## AIM OF THE TASK
Write out the data word for word, taking care that no picture is carried over.

## MATERIAL FOR THE TASK

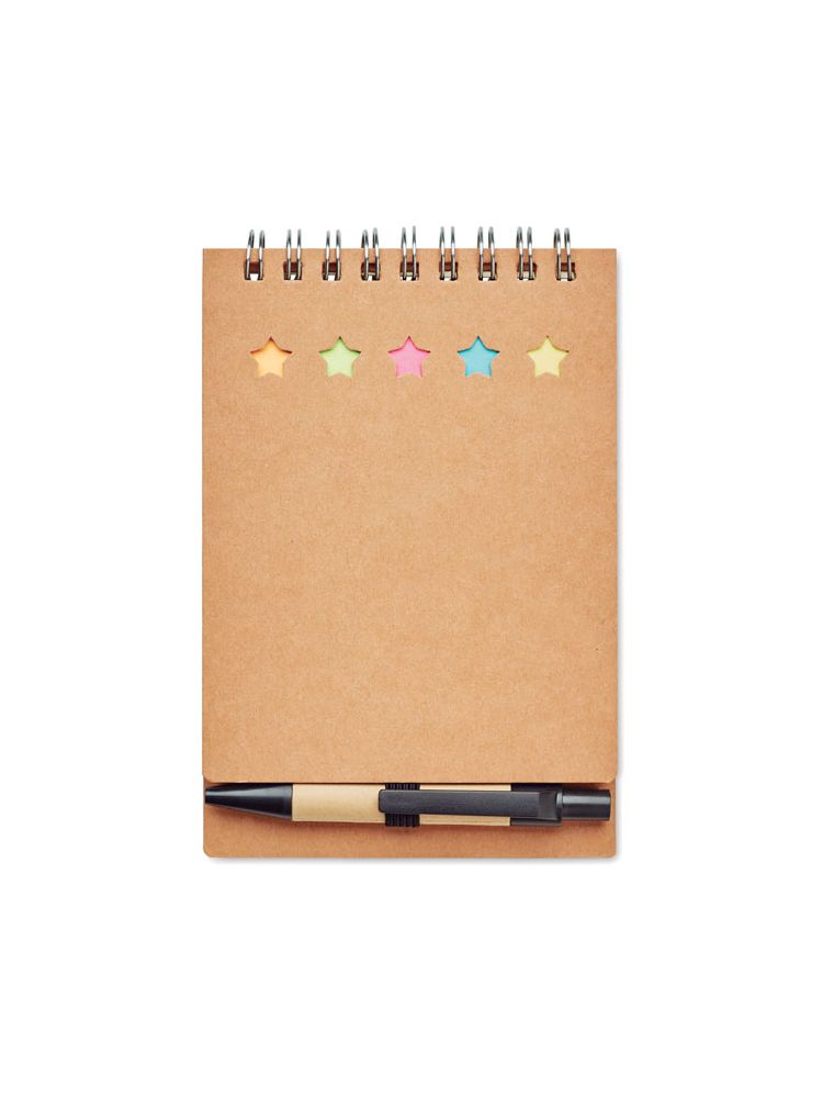 Notatnik z recyklingu z długopisem i karteczkami samoprzylepnymi. Miękka okładka z papieru z recyklingu. Podwójne okablowanie. 40 kartek w linie. Elastyczny uchwyt na długopis. 25 karteczek samoprzylepnych i 5 markerów w różnych kolorach. Długopis z przyciskiem w kartonie z recyklingu i biodegradowalnego plastiku. Niebieski tusz.
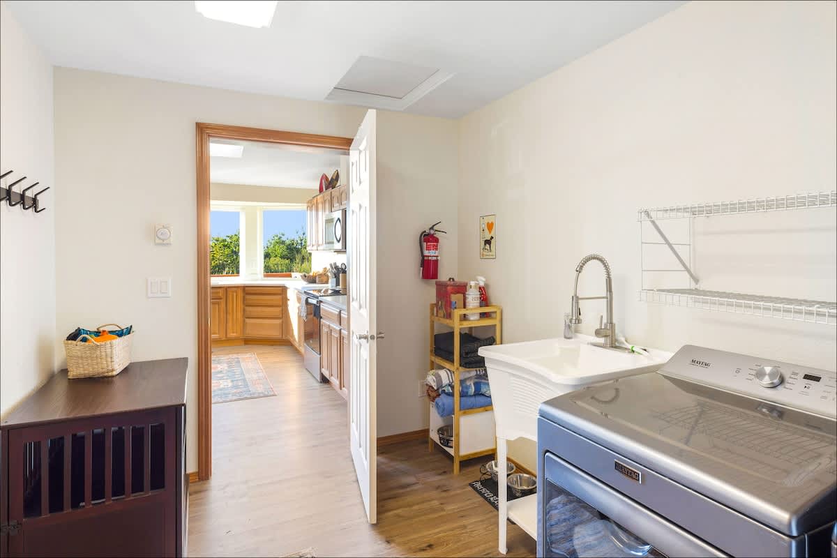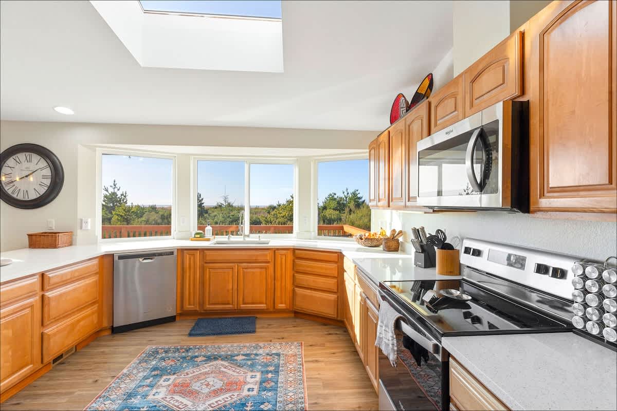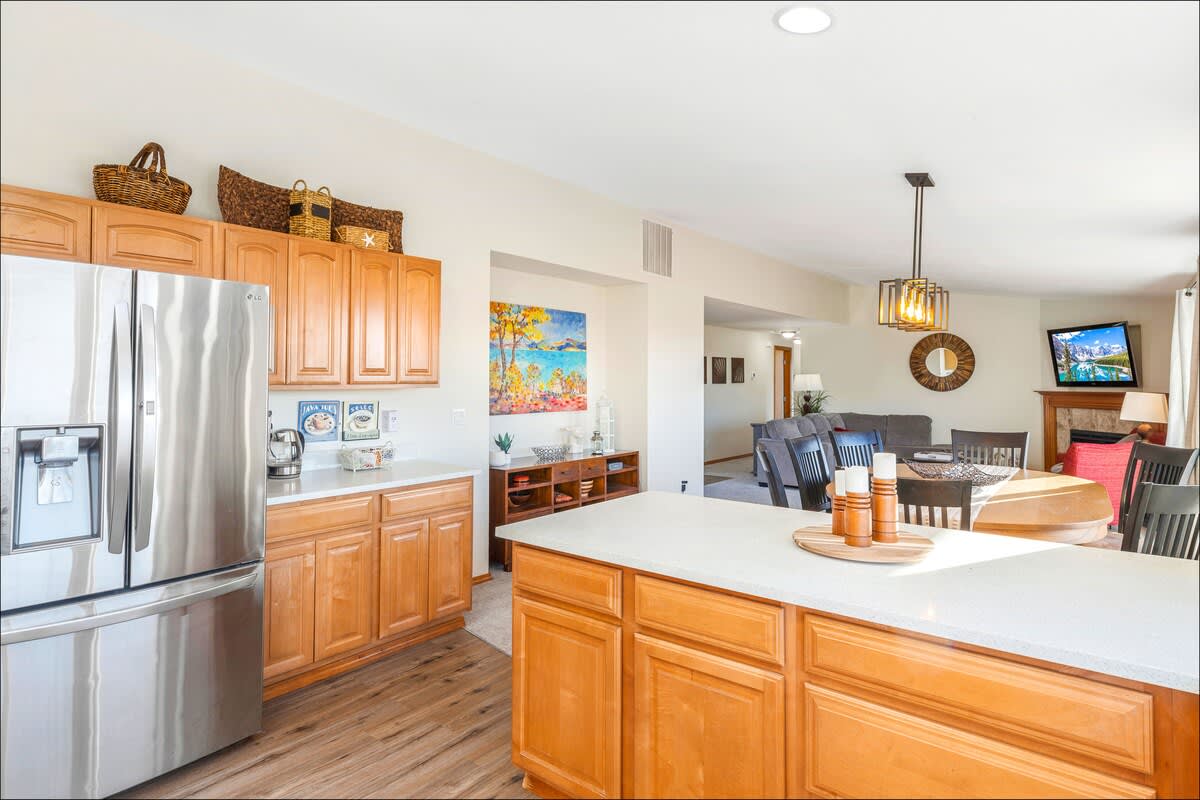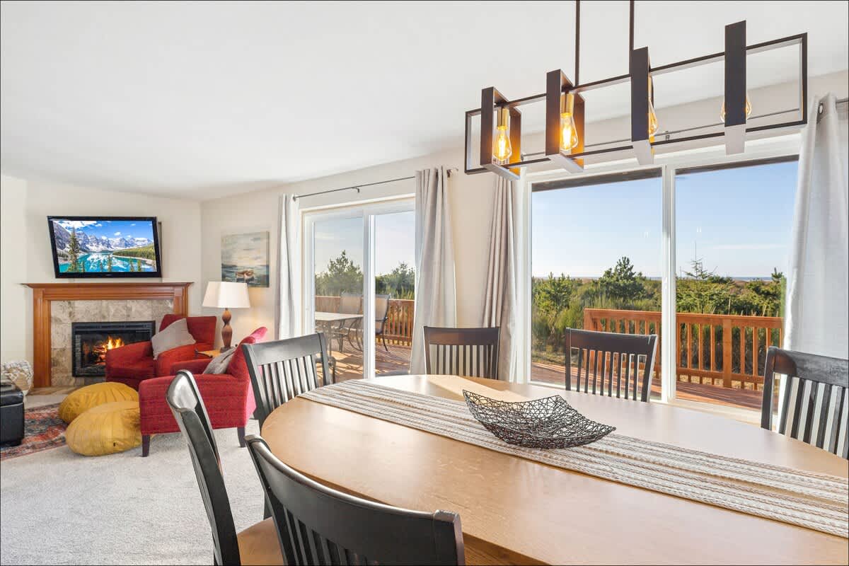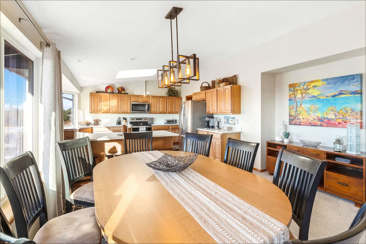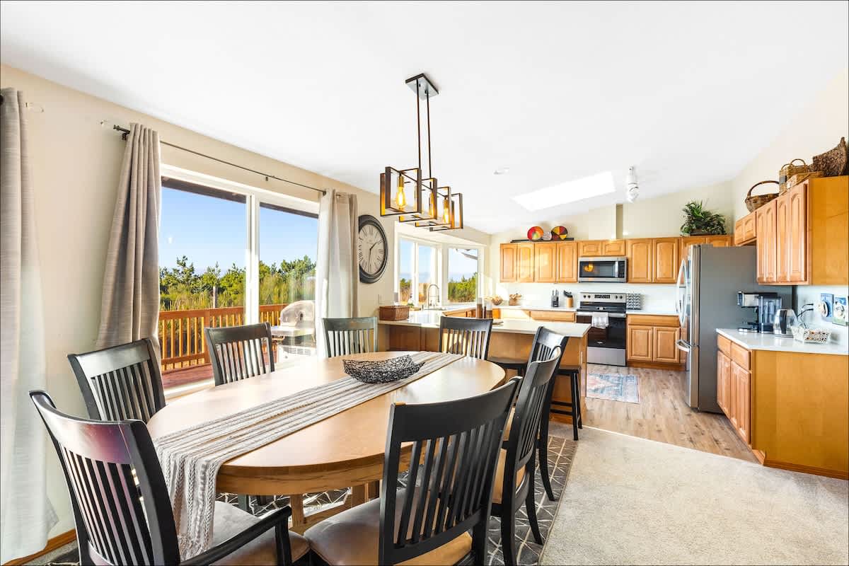 The updated kitchen has all the appliances you'll need - including a gourmet coffee maker, an air fryer and toaster oven. Plenty of pots, pans, dinnerware and even baking ware are here for you, as well. In addition to the dining area, with room to seat eight, there's a kitchen bar to handle a few more. It's also
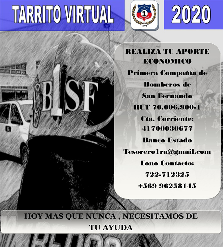 Sabemos que la actual contingencia ha generado estragos económicos en todo el mundo y nuestro país no es la excepción, sin embargo, la Primera Compañía de Bomberos de San Fernando, como todas a nivel nacional no ha dejado de prestar servicio a la comunidad en ningún momento lo cual nos ha generado un problema económico muy grande gastando dinero en más protección personal y agentes sanitizantes para así estar 100% operativos.
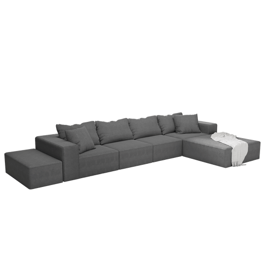 131'' Modular Sectional with Chaise in Gray Corduroy
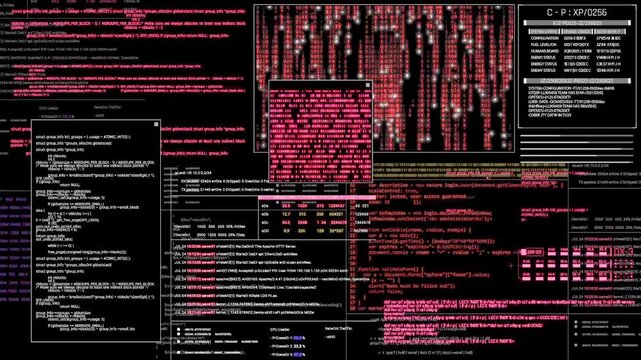glitch code game computer screen. Code data computer screen with glitch distortion CRT Monitor styled blue binary code motion background animation digital glitch effect. retro technology background
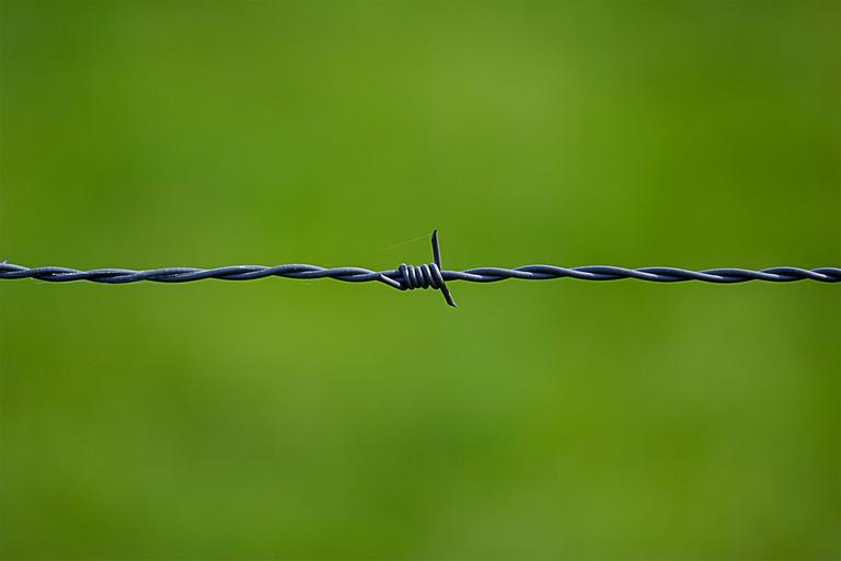 Keywords: barbed wire wire security thorn close fence green tiefenschärfe demarcation limit
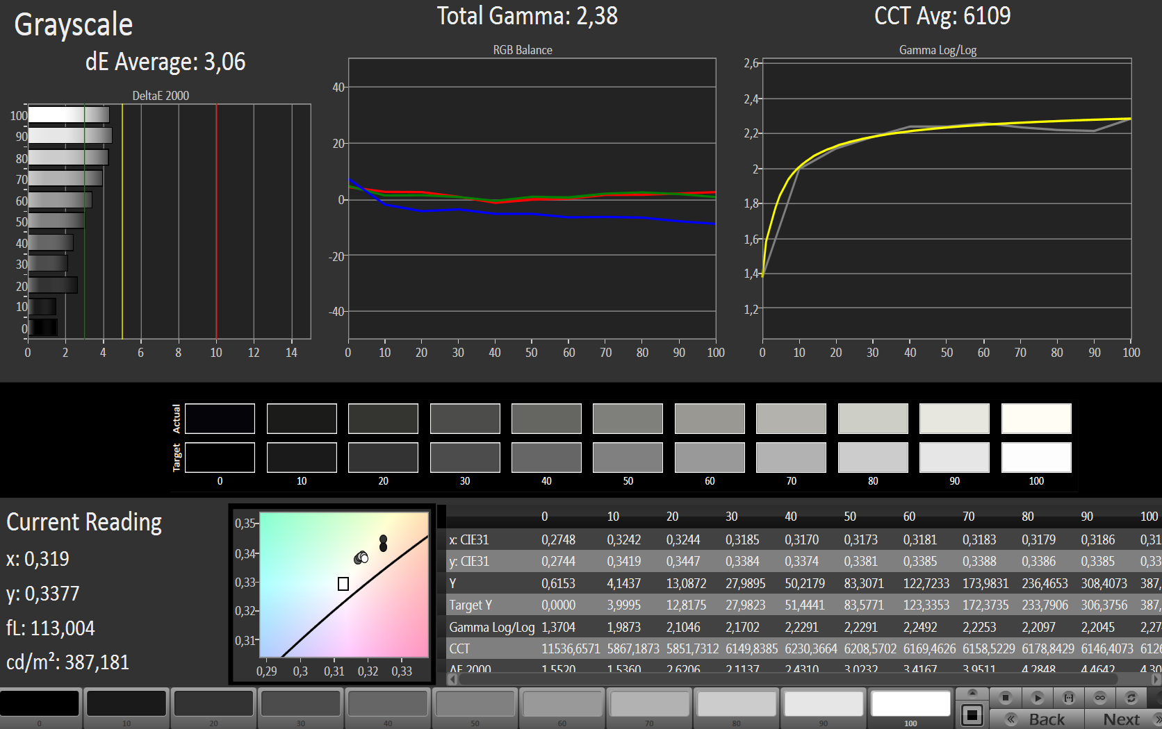 ΔE Greyscale Calman: 7.26 | ∀{0.09-98 Ø5}
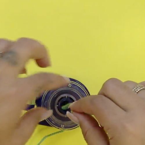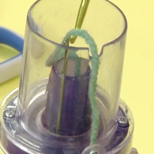 07. O fio ficará encaixado na terceira agulha. Gire novamente a manivela.
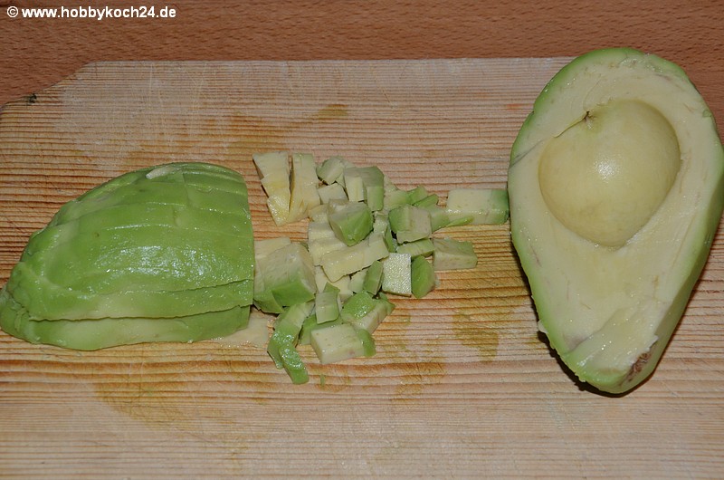 Das Tramezzinibrot der Breite nach halbieren. Die Limette halbieren und auspressen. Die Avocados halbieren, entsteinen, schälen und anschließend in kleine Würfel schneiden. Die Avocadostücke mit dem Limettensaft beträufeln, damit sich die Avocado nicht verfärbt. Die Creme fraiche und den Frischkäse abwiegen.
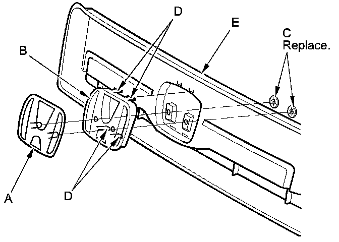 3. If necessary, separate the front emblem (A) from the emblem base (B) by removing the push nuts (C), and release the hooks (D), then remove the front emblem base from the front grille (E).
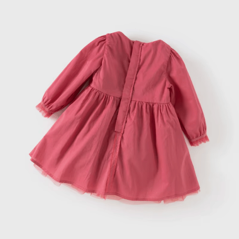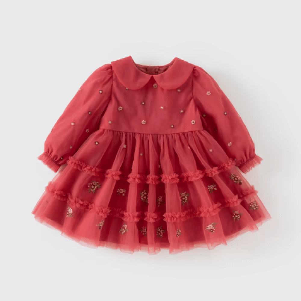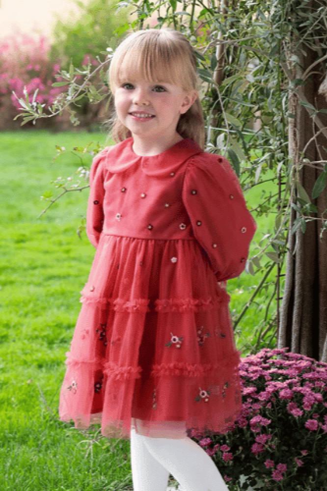 فستان ديف بيلا الأميرة للأطفال - فستان أحمر مطرز بالأزهار لحفلات الربيع 2025
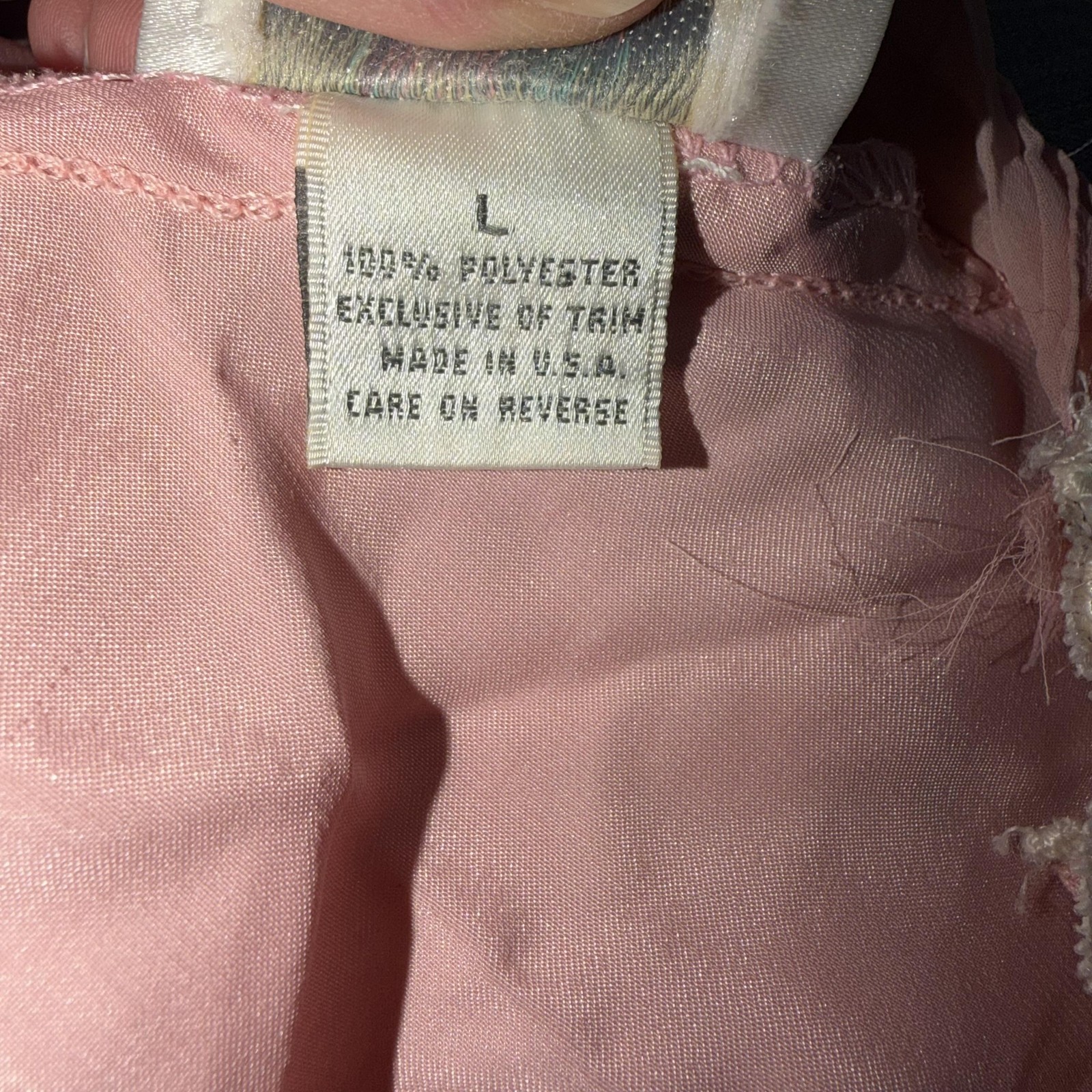 как выглядит Vintage Dentelle Slip Dress L Pink Satin Lace Ruffle Hem Chemise USA Lingerie фото
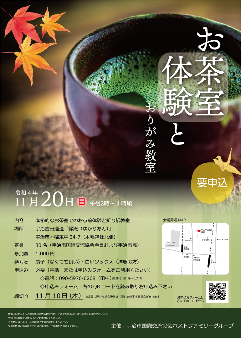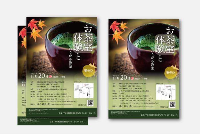 お茶室体験イベントチラシ 概要 宇治市国際交流協会ホストファミリーグループ様 URL: 仕様/担当 デザイン 地元宇治でのお茶室体験イベントのチラシです。11月の開催とあり、秋らしい色使いとデザインを意識しました。生涯学習センターや福祉会館などで配架頂き、大変喜んでいただきました。
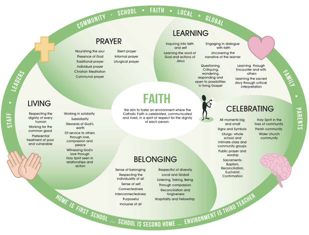 Catholic Social Teachings guide and lead the faith development in our school. We work for the common good of all, ensuring respect for the dignity of each person and working for subsidiarity and solidarity for all.
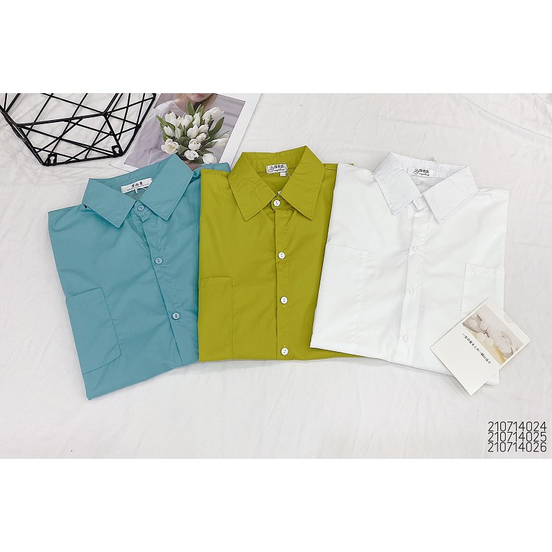 -Mã: Áo sơ mi nữ FM Style thiết kế cổ bẻ tay ngắn họa tiết trơn chuẩn form 210714028

## WRITTEN ANSWER
 Notatnik z recyklingu z długopisem i karteczkami samoprzylepnymi. Miękka okładka z papieru z recyklingu. Podwójne okablowanie. 40 kartek w linie. Elastyczny uchwyt na długopis. 25 karteczek samoprzylepnych i 5 markerów w różnych kolorach. Długopis z przyciskiem w kartonie z recyklingu i biodegradowalnego plastiku. Niebieski tusz.
 The updated kitchen has all the appliances you'll need - including a gourmet coffee maker, an air fryer and toaster oven. Plenty of pots, pans, dinnerware and even baking ware are here for you, as well. In addition to the dining area, with room to seat eight, there's a kitchen bar to handle a few more. It's also
 Sabemos que la actual contingencia ha generado estragos económicos en todo el mundo y nuestro país no es la excepción, sin embargo, la Primera Compañía de Bomberos de San Fernando, como todas a nivel nacional no ha dejado de prestar servicio a la comunidad en ningún momento lo cual nos ha generado un problema económico muy grande gastando dinero en más protección personal y agentes sanitizantes para así estar 100% operativos.
 131'' Modular Sectional with Chaise in Gray Corduroy
glitch code game computer screen. Code data computer screen with glitch distortion CRT Monitor styled blue binary code motion background animation digital glitch effect. retro technology background
 Keywords: barbed wire wire security thorn close fence green tiefenschärfe demarcation limit
 ΔE Greyscale Calman: 7.26 | ∀{0.09-98 Ø5}
 07. O fio ficará encaixado na terceira agulha. Gire novamente a manivela.
 Das Tramezzinibrot der Breite nach halbieren. Die Limette halbieren und auspressen. Die Avocados halbieren, entsteinen, schälen und anschließend in kleine Würfel schneiden. Die Avocadostücke mit dem Limettensaft beträufeln, damit sich die Avocado nicht verfärbt. Die Creme fraiche und den Frischkäse abwiegen.
 3. If necessary, separate the front emblem (A) from the emblem base (B) by removing the push nuts (C), and release the hooks (D), then remove the front emblem base from the front grille (E).
 فستان ديف بيلا الأميرة للأطفال - فستان أحمر مطرز بالأزهار لحفلات الربيع 2025
 как выглядит Vintage Dentelle Slip Dress L Pink Satin Lace Ruffle Hem Chemise USA Lingerie фото
 お茶室体験イベントチラシ 概要 宇治市国際交流協会ホストファミリーグループ様 URL: 仕様/担当 デザイン 地元宇治でのお茶室体験イベントのチラシです。11月の開催とあり、秋らしい色使いとデザインを意識しました。生涯学習センターや福祉会館などで配架頂き、大変喜んでいただきました。
 Catholic Social Teachings guide and lead the faith development in our school. We work for the common good of all, ensuring respect for the dignity of each person and working for subsidiarity and solidarity for all.
 -Mã: Áo sơ mi nữ FM Style thiết kế cổ bẻ tay ngắn họa tiết trơn chuẩn form 210714028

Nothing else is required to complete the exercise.